For $2\le d\le n+1$ let $\mathscr{F}_n(d)$ be the family of finite subsets of $n+1$ that contain $n$ and have cardinality $d$. For each such $d$, each $S\in\mathscr{F}_n(d)$, and each $\mathbf{M}\in{^{d\times d}2}$ in turn extend by $d$ the domains on which the $f_k$ for $k\le n$ are defined so that (2) is satisfied for $S$ and $\mathbf{M}$. This is a finite number of finite extensions; when they have all been performed, there is some $m_{n+1}\in\omega$ such that $f_k(i)$ is defined for all $k\le n$ and all $i<m_{n+1}$ in such a way that (1) and (2) hold with $n$ replaced by $n+1$. Thus, the construction goes through to $\omega$.

Added:

Theorem $3$ of R. Engelking and M. Karłowicz, Some theorems of set theory and their topological consequences, Fund. Math. $57$ ($1965$), $275$-$285$, which I present in slightly different form, allows the construction of a family of $2^\omega$ functions from a countably infinite set to itself that code something similar to what you want without actually giving what you want.

Definition. Let $I$ be an infinite set. A family $\mathscr{F}$ of functions from $I$ to $I$ is independent if for each finite $\{f_1,\ldots,f_n\}\subseteq\mathscr{F}$ and $i_1,\ldots,i_n\in I$ there is a $j\in I$ such that $f_k(j)=i_k$ for $k=1,\ldots,n$.

Theorem. If $|I|=\kappa\ge\omega$, there is an independent $\mathscr{F}\subseteq{^II}$ such that $|\mathscr{F}|=2^\kappa$.

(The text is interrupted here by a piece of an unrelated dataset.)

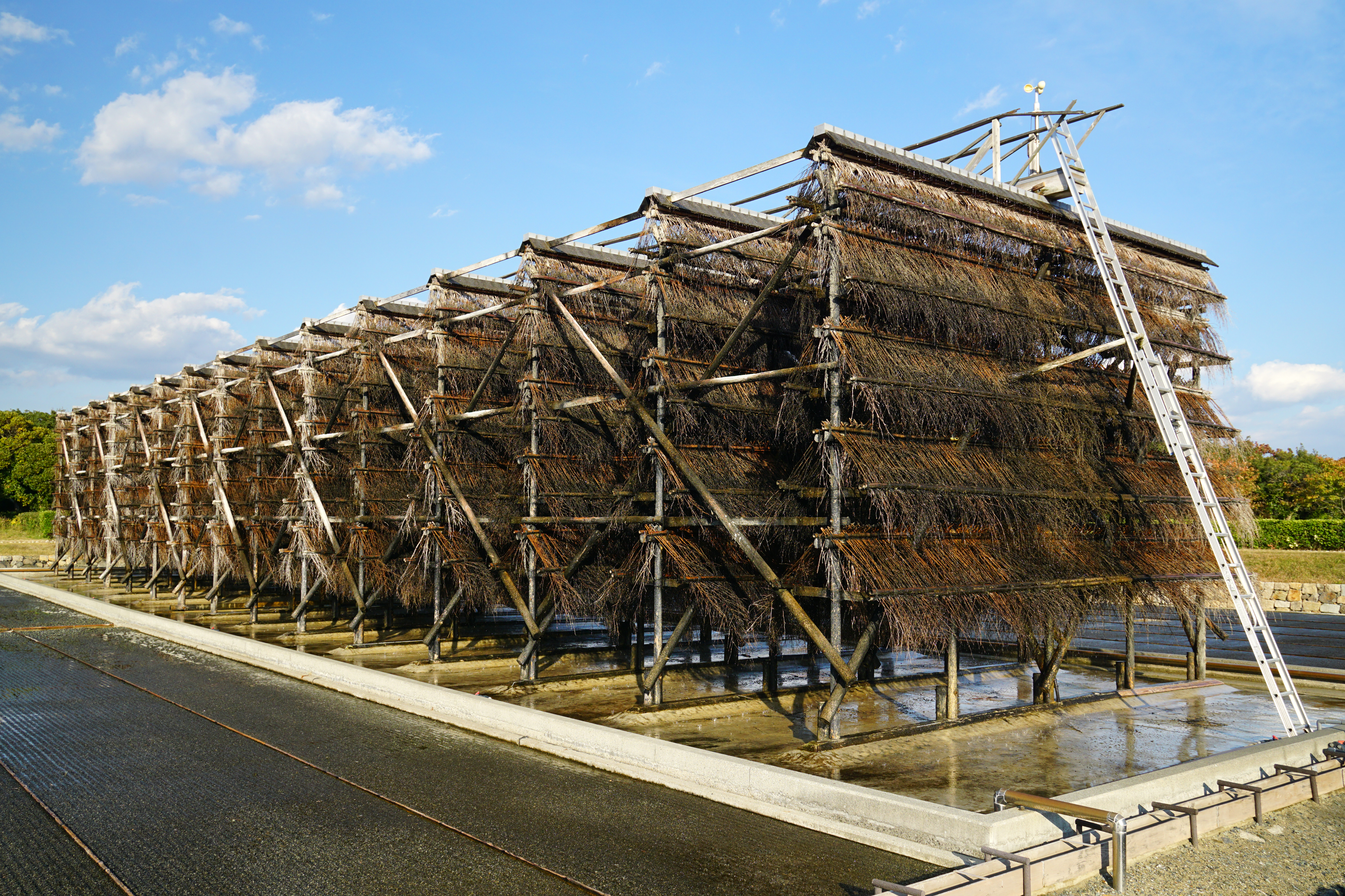 Ako Marine Science Museum in Ako, Hyogo prefecture, Japan.

Now let $I={^{<\omega}2}$, the set of finite binary sequences; $|I|=\omega$, so by the theorem there is an independent family $\mathscr{F}=\{f_\xi:\xi<2^\omega\}\subseteq{^II}$ of cardinality $2^\omega$. Let $n\in\Bbb Z^+$, $\{\xi_0,\ldots,\xi_{n-1}\}\subseteq 2^\omega$ with $\xi_0<\ldots<\xi_{n-1}$, and $\mathbf{M}\in{^{n\times n}2}$. Each row of $\mathbf{M}$ is a binary sequence of length $n$ and hence an element of $I$, so let the rows be $i_0,\ldots,i_{n-1}$. Then there is a $j\in I$ such that $f_{\xi_k}(j)=i_k$ for each $k<n$.

Indexing $I$ by $\omega$ allows us to view the functions $f_\xi$ as sequences of finite binary sequences, but as yet I see no way to modify this to get actual binary sequences.

Because it may be of use in thinking about the problem, I include a brief sketch of the proof of the theorem above:

Let $\{\langle F_i,\varphi_i\rangle:i\in I\}$ be an enumeration of $$\left\{\langle F,\varphi\rangle:F\subseteq I\text{ is finite and }\varphi\in{^{\wp(F)}I}\right\}\;.$$ For each $A\subseteq I$ let $f_A:I\to I:i\mapsto\varphi_i(A\cap F_i)$, and let $\mathscr{F}=\{f_A:A\subseteq I\}$. Suppose that $f_{A_1},\ldots,f_{A_n}\in\mathscr{F}$ and $i_1,\ldots,i_n\in I$. For each pair $\{k,\ell\}$ of distinct elements of $\{1,\ldots,n\}$ there is a $j(k,\ell)\in I$ that is in exactly one of the sets $A_k$ and $A_\ell$. Let $$F=\{j(k,\ell):1\le k<\ell\le n\}\;,$$ and let $\varphi$ be any function from $\wp(F)$ to $I$ such that $\varphi(A_k\cap F)=i_k$ for $k=1,\ldots,n$. Then $\langle F,\varphi\rangle$ is $\langle F_j,\varphi_j\rangle$ for some $j\in I$, and $F_{A_k}(j)=i_k$ for $k=1,\ldots,n$. $\dashv$